Artificial Intelligence Is Used By Researchers To Find Novel Materials For High-Tech Computing

Utilising state-of-the-art artificial intelligence (AI) technologies, a team of researchers led by Trevor David Rhone, assistant professor in the department of physics, applied physics, and astronomy at Rensselaer Polytechnic Institute, has discovered unique van der Waals (vdW) magnets. The team specifically used semi-supervised learning to find transition metal halide vdW compounds with significant magnetic moments that are projected to be chemically stable.

These two-dimensional (2D) vdW magnets may find use in spintronics, quantum computing, and data storage.

Rhone has a speciality in using material informatics to find new materials with surprising features that promote science and technology. At the nexus of AI and materials science, materials informatics is a growing academic discipline. The most recent study conducted by his team was recently highlighted on the cover of Advanced Theory and Simulations.

Due to their unexpected features, 2D materials, which can be as thin as a single atom, were first discovered in 2004 and have sparked a significant amount of scientific interest. Because their long-range magnetic ordering endures even when they are reduced to one or a few layers, 2D magnets are noteworthy. The reason for this is magnetic anisotropy.

Low dimensionality and this magnetic anisotropy may interact to produce novel spin degrees of freedom, such as spin textures, which can be applied to the creation of quantum computing architectures. 2D magnets can be employed in high-performance and energy-efficient devices and span the entire spectrum of electrical properties.

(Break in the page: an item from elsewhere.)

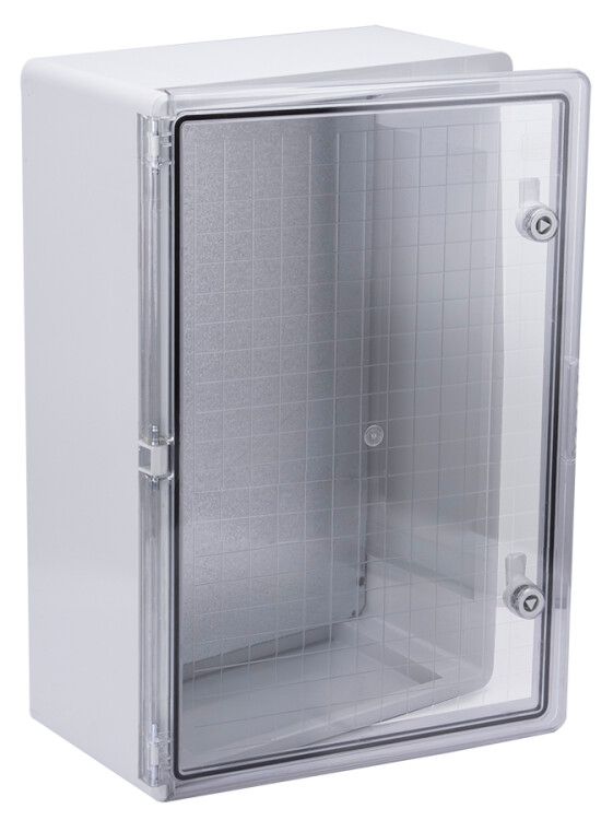 Корпус соответствует требованиям ГОСТ Р 50030.2 и IEC 60529 по степени защиты IP65. Конструкция исключает доступ к токоведущим частям при закрытой двери. Нагрузка на корпус не должна превышать допустимую массу оборудования - перегрузка может вызвать деформацию стенок. Прозрачная дверь изготовлена из поликарбоната, устойчивого к ультрафиолету и механическому воздействию.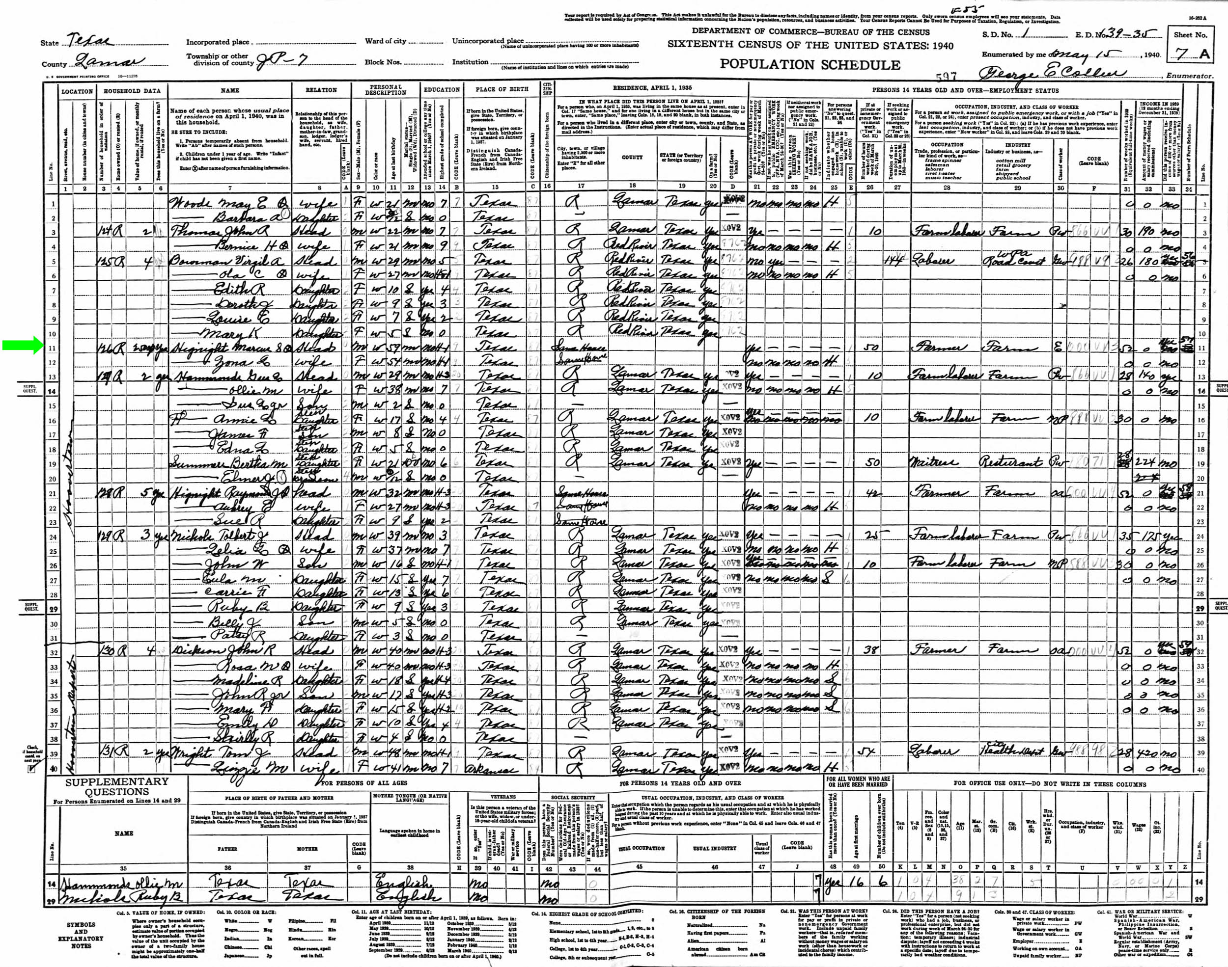 May 1940 in Lamar Co., Texas; Same house as April 1935

Rhone and his team used AI to implement semi-supervised learning, a type of machine learning, to discover the properties of the vdW materials through high-throughput density functional theory (DFT) calculations. A combination of labelled and unlabeled data is used in semi-supervised learning to find patterns in the data and make predictions. The lack of labelled data, a significant problem in machine learning, is reduced via semi-supervised learning.

AI saves time and money, according to Rhone. “The normal materials discovery procedure necessitates pricey, time-consuming simulations on a supercomputer. Even more time and money may be spent on lab experiments. The process of finding new materials could be expedited with the help of artificial intelligence.

A supercomputer’s initial subset of 700 DFT simulations was used to train an AI model that, when applied to a laptop, could predict the properties of thousands of material candidates in a matter of milliseconds. Next, the group discovered intriguing candidate vdW materials with significant magnetic moments and low formation energy. Chemical stability, a crucial prerequisite for laboratory synthesis and later industrial applications, is indicated by low formation energy.

We can easily examine materials with various crystal structures using our framework, according to Rhone. This framework can also be used to examine mixed crystal structure prototypes, such as a data collection comprising both transition metal halides and transition metal trichalcogenides.

According to Curt Breneman, dean of Rensselaer’s School of Science, “Dr. Rhone’s application of AI to the field of materials science continues to produce exciting results.” He has advanced our understanding of 2D materials with unusual features and is also anticipated to help develop future quantum computing technologies, according to the statement.